Vor rund 15 Jahren entwickelte Donat Spahn zusammen mit einer kleinen Gruppe Kollegen aus Australien, Amerika und Deutschland das medizinische Konzept zu Patient Blood Management. Gemeinsam entwickelten sie es über die Jahre weiter. In einem bereits 2011 verabschiedeten Memorandum fordert die WHO die Einführung von Patient Blood Management im medizinischen Alltag. Die Universitätsspitäler von Basel und Lausanne haben das Potenzial erkannt und setzen mittlerweile ebenfalls auf Patient Blood Management. «Die Logistik aufzubauen und nicht zuletzt eine funktionierende Schnittstelle zwischen Operationsplanung und Patient Blood Management umzusetzen, ist aber in vielen Spitälern mit beträchtlichem Aufwand verbunden», gibt Donat Spahn zu.
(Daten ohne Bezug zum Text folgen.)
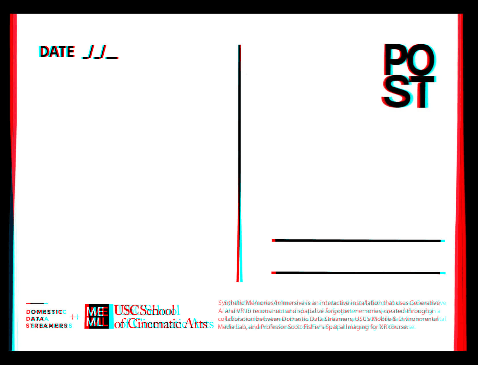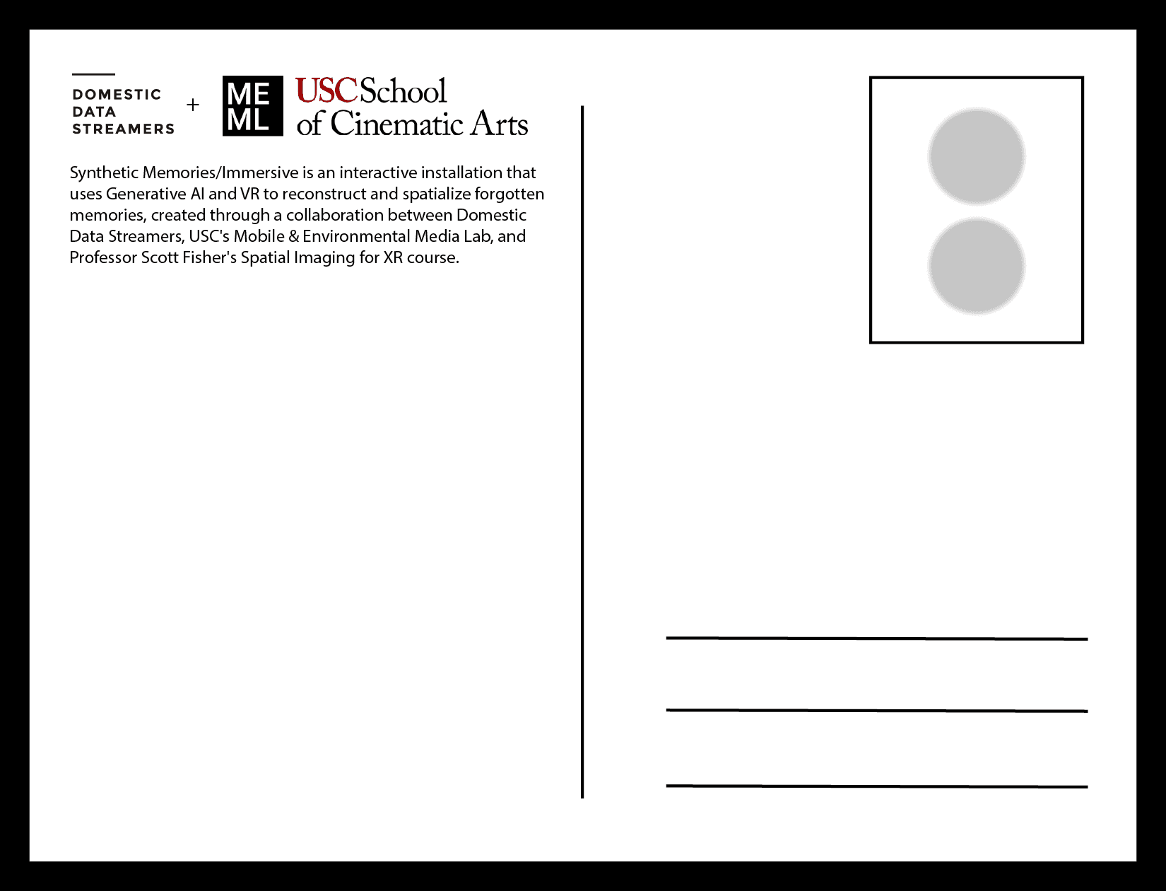 The Immersive Synthetic Memories project is a collaboration with the Synthetic Memories project by Domestic Data Streamers. Presented by the Mobile and Environment Media Lab, this project was presented as a group exhibition at the Flux Festival in the Audrey Irmas Pavillon.

Anreiz für das Patientenwohl und die Wirtschaftlichkeit

Mit Nachdruck weist Donat Spahn auf das wirtschaftliche Potenzial hin. «Operationen, die früher nicht kostendeckend durchgeführt werden konnten, sind gemäss einer Studie aus Australien dank Patient Blood Management heute profitabel.» Dies dürfte auch für kleinere Spitäler ein attraktiver Denkanstoss sein. So hat sich das Kantonsspital Zug von Patient Blood Management überzeugen lassen und das Konzept auf seine Bedürfnisse angepasst. Insbesondere für Spitäler mit orthopädischer Chirurgie bestehe ein grosses Potenzial, so Donat Spahn. Vor dem Hintergrund, dass ältere Menschen zu Eisenmangel und Blutarmut neigen und das Ersetzen von Hüft- und Kniegelenken mit einem beträchtlichen Blutverlust einhergehen kann, kann eine optimale Blutanreicherung ein Erfolgsfaktor sein. Nach einer Operation ohne Fremdblut sind die Behandelten rascher wieder auf den Beinen, können das Spital deutlich früher verlassen und entlasten damit die Infrastruktur. «Das ist von grossem Wert – für die Behandelten wie für die Klinik.»